Dix amoureux de funk nigérian et de funk-jazz éthiopien, les membres de Budos Band font de la musique pour les bonnes raisons: parce qu'ils aiment ça. Et parce qu'ils ont le loisir de prendre des congés sans solde pour en faire.

« J'aimerais te dire que nous pouvons tous vivre de notre musique, enchaîne le saxophoniste. La plupart des membres doivent travailler le jour, malheureusement.» Tankel est avocat et manager d'artistes, certains ont accompagné Sharon Jones et les Dapkings, quelques autres sont enseignants dans des écoles du patelin. «On planifie nos horaires de tournées et d'enregistrement en fonction de leurs disponibilités, explique-t-il. Ces temps-ci, avec la tournée, c'est temporairement un job à temps plein, on apprécie encore plus faire de la musique!»

Le jam band afrophile vient de lancer un troisième album pas piqué des vers, sobrement baptisé The Budos Band III, sur Daptone Records, le label de la chanteuse r&b Sharon Jones. Cet album confirme le virage stylistique effectué lors du précédent, c'est à dire un délaissement de l'afrobeat nigérian au profit des intrigantes harmonies et atmosphères du son jazz-funk éthiopien des années 70. Plus Mulatu Astatke que Fela Kuti, en résumé. Avec une touche de Morricone, disons, pour l'aspect «cinématographique» des ambiances.

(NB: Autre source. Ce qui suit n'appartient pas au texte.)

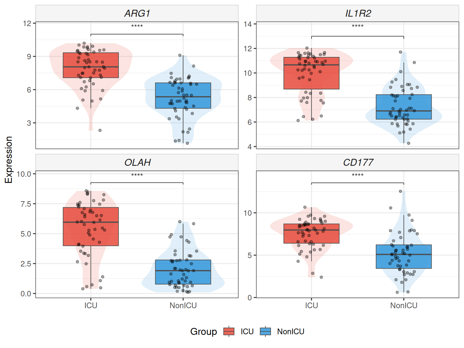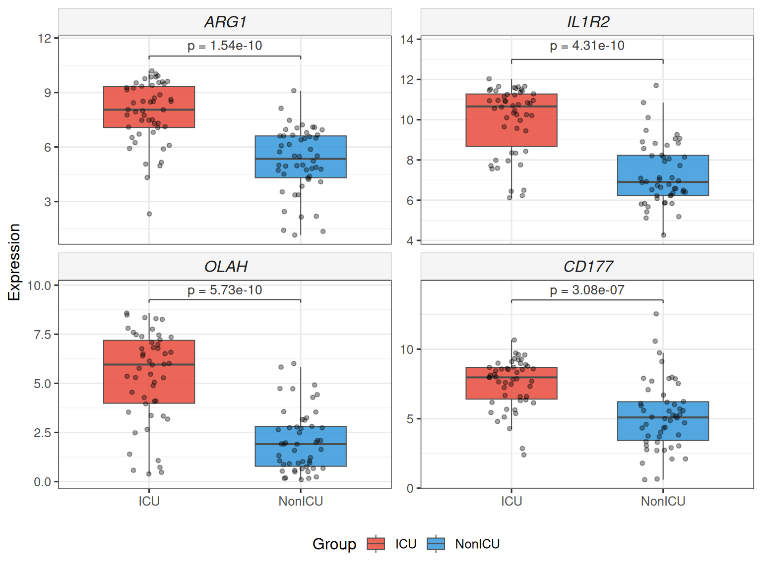 Throughout this chapter we use the built-in covid19 dataset, which contains RNA-seq expression profiles from 100 COVID-19 patients (GSE157103). Samples are labelled as ICU (intensive care unit) or NonICU, providing a clinically relevant binary classification task.

«Du rock, aussi, insiste le musicien. On s'est éloigné du strict afrobeat en incorporant différentes influences, à commencer par le son Éthiopiques. Puis le soul et funk américain, le heavy rock, rock psychédélique - ce n'est peut-être pas si évident sur disque, mais ça ressort de plus en plus sur scène. Le dénominateur commun entre nous, c'est probablement le rock des années 70, qui transpire de la pesanteur de nos grooves en concert.»

Le dernier disque peut paraître envouté et teigneux, mais en spectacle, The Budos Band veut faire danser les foules, promet le musicien.

The Budos Band

Ce soir (00h30), au Club Lambi Avec The Youjsh (22h30) et The Sway Machinery (23h) en première partie.